**TASK ITEM:**
The records below are to be transcribed exactly as they appear.

**RECORD SET:**
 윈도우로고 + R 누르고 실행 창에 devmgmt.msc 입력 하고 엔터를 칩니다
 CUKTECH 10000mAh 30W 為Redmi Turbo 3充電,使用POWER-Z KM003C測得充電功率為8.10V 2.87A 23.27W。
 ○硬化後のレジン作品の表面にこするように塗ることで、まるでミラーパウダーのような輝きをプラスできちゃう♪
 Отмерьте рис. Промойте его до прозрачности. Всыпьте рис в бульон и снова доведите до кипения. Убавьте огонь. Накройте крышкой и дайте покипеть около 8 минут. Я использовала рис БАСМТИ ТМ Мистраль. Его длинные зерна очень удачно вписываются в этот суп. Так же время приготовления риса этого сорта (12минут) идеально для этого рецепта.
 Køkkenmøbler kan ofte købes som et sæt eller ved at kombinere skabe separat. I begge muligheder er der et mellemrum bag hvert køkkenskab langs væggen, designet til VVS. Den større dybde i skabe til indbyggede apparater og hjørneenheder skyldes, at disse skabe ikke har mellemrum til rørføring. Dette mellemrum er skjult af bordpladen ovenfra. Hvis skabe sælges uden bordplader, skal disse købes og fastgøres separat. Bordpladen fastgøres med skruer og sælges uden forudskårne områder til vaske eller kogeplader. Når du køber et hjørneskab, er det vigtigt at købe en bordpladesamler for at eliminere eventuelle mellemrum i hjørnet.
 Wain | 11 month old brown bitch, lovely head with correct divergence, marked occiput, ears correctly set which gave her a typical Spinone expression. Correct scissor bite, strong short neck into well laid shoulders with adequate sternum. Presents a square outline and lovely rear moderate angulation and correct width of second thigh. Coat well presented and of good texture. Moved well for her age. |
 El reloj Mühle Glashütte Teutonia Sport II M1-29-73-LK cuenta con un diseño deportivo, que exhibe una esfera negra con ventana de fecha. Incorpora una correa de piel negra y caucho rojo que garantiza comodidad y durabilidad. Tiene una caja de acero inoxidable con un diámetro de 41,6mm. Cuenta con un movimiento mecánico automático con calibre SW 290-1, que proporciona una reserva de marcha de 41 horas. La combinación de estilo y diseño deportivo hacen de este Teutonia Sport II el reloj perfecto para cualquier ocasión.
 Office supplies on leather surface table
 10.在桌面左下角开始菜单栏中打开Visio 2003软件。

**ANSWER FOR THIS EXERCISE:**
 윈도우로고 + R 누르고 실행 창에 devmgmt.msc 입력 하고 엔터를 칩니다
 CUKTECH 10000mAh 30W 為Redmi Turbo 3充電,使用POWER-Z KM003C測得充電功率為8.10V 2.87A 23.27W。
 ○硬化後のレジン作品の表面にこするように塗ることで、まるでミラーパウダーのような輝きをプラスできちゃう♪
 Отмерьте рис. Промойте его до прозрачности. Всыпьте рис в бульон и снова доведите до кипения. Убавьте огонь. Накройте крышкой и дайте покипеть около 8 минут. Я использовала рис БАСМТИ ТМ Мистраль. Его длинные зерна очень удачно вписываются в этот суп. Так же время приготовления риса этого сорта (12минут) идеально для этого рецепта.
 Køkkenmøbler kan ofte købes som et sæt eller ved at kombinere skabe separat. I begge muligheder er der et mellemrum bag hvert køkkenskab langs væggen, designet til VVS. Den større dybde i skabe til indbyggede apparater og hjørneenheder skyldes, at disse skabe ikke har mellemrum til rørføring. Dette mellemrum er skjult af bordpladen ovenfra. Hvis skabe sælges uden bordplader, skal disse købes og fastgøres separat. Bordpladen fastgøres med skruer og sælges uden forudskårne områder til vaske eller kogeplader. Når du køber et hjørneskab, er det vigtigt at købe en bordpladesamler for at eliminere eventuelle mellemrum i hjørnet.
 Wain | 11 month old brown bitch, lovely head with correct divergence, marked occiput, ears correctly set which gave her a typical Spinone expression. Correct scissor bite, strong short neck into well laid shoulders with adequate sternum. Presents a square outline and lovely rear moderate angulation and correct width of second thigh. Coat well presented and of good texture. Moved well for her age. |
 El reloj Mühle Glashütte Teutonia Sport II M1-29-73-LK cuenta con un diseño deportivo, que exhibe una esfera negra con ventana de fecha. Incorpora una correa de piel negra y caucho rojo que garantiza comodidad y durabilidad. Tiene una caja de acero inoxidable con un diámetro de 41,6mm. Cuenta con un movimiento mecánico automático con calibre SW 290-1, que proporciona una reserva de marcha de 41 horas. La combinación de estilo y diseño deportivo hacen de este Teutonia Sport II el reloj perfecto para cualquier ocasión.
 Office supplies on leather surface table
 10.在桌面左下角开始菜单栏中打开Visio 2003软件。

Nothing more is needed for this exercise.